Hobo Campers Await Wall Street's Revival
Today in poorhouse news: The big banks were restored to profitability last week, and now the M&A market is booming again! The profits will "trickle down" to the homeless squatters outside the bankers' Hamptons estates.
Oracle just bought Sun Microsystems for $7.4 billion. Two years ago a $7.4 billion deal was what entry-level M&A guys did before lunch, on a Sunday, but now it's a harbinger of the underlying strength of the US economy. And hey, Glaxo did a $3 billion deal, and Pepsi has a $6 billion offer on the table, and when you add all that up it's damn near a respectable day, circa 2006!

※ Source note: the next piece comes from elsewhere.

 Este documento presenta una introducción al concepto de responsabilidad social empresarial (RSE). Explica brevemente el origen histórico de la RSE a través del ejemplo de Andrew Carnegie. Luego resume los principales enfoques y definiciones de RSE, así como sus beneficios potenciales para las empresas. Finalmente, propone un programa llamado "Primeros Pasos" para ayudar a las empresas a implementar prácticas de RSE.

For now, of course, we must concentrate our nation's precious revenue on Wall Street. Those guys have already lost so much! The rest of the business world can suck it. Ad agencies are extending work hours, cutting salaries, and ending Summer Fridays. Well boo hoo, so is everyone else, right? Wall Street guys in particular work long hours! And to offset the brokeness, those same ad agencies are devising campaigns for all their clients saying that, hey, if you get fired—by us or by anyone else—they will help pay your cell phone bill, or refund your plane tickets, so you can sit home and moan to your friends about how you can't go on vacation because you've been laid off.
Deal!
And the biggest winners of all in this momentary return of corporate acquisitions: the unemployed Hispanic day laborers who have been forced to build themselves a hobo camp in the woods in tony Southampton, complete with a "butchered deer carcass" to roast on the campfire. As soon as those M&A fees start pouring in, it's virtually a sure thing that some asshole there in Southampton will require a new Jacuzzi or a emerald-encrusted barbecue grill installation, and bam! Work for everyone! The American dream smells like rotting deer carcass and big pharma "How will this merger affect my department?" information packets.